NOTE: After posting the above, I saw that you had already posted a message. I read your post that I failed to include the 'fmt' function in the second (version) posting of my code; I'm sorry for the confusion/inconvenience. But impressively, you found a work-around AND read my mind about removing the nil values. Thanks a bunch.

I've corrected the earlier (second version) code posting and I've included a final version below.

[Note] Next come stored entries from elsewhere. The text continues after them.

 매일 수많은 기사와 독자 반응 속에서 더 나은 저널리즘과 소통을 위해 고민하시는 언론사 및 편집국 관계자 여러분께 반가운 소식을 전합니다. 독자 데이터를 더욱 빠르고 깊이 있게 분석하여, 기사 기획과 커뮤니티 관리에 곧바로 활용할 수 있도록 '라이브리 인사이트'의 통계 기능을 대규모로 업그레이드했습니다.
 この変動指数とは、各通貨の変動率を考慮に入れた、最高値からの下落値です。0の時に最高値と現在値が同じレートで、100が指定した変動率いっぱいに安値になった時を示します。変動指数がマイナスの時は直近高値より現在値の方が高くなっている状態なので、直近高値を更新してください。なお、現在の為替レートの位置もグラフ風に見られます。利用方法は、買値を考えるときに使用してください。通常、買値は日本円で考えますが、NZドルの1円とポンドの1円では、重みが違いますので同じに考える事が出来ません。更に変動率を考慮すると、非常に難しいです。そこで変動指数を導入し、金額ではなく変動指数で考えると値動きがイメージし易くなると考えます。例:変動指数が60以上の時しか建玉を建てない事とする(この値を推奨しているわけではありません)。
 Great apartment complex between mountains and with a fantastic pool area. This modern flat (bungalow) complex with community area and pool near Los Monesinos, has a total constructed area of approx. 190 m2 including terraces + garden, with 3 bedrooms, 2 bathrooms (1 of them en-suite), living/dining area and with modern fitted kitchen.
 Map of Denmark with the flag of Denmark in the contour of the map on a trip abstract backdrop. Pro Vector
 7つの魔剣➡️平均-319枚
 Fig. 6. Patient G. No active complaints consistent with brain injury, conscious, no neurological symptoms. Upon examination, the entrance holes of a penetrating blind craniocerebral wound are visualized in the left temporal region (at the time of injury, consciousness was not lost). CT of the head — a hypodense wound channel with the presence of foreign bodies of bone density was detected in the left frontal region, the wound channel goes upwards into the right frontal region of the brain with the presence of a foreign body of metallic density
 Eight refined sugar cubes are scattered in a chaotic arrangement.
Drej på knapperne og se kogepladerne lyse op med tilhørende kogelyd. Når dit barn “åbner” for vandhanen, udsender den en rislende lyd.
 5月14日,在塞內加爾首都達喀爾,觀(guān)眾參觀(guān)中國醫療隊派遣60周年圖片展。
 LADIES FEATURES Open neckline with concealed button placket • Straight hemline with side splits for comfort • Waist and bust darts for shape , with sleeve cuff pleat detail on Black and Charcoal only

I agree that 'first' and 'second' function are better than 'nth coll n'; I've changed my code to use 'first' or 'second' but there is one instance were I used 'nth' to preserve stylistic continuity, since there is no 'third' function.


Sean Corfield
Ranch Hand

Joined: Feb 09, 2011
Posts: 261
    
    5

Looks like our messages passed in the ether since I already answered that question (and addressed the false / nil issue - idiomatic Clojure tends not to specifically test for false or nil unless both values are possible in an expression and you need to tell them apart: everything is truthy except false and nil - they're falsey ).
Dan King wrote:I've changed my code to use 'first' or 'second' but there is one instance were I used 'nth' to preserve stylistic continuity, since there is no 'third' function.


Dan King
Ranch Hand

Joined: Mar 18, 2009
Posts: 84
Sean,

Out of curiosity and for future reference, what tool(s) do you use for debugging Clojure?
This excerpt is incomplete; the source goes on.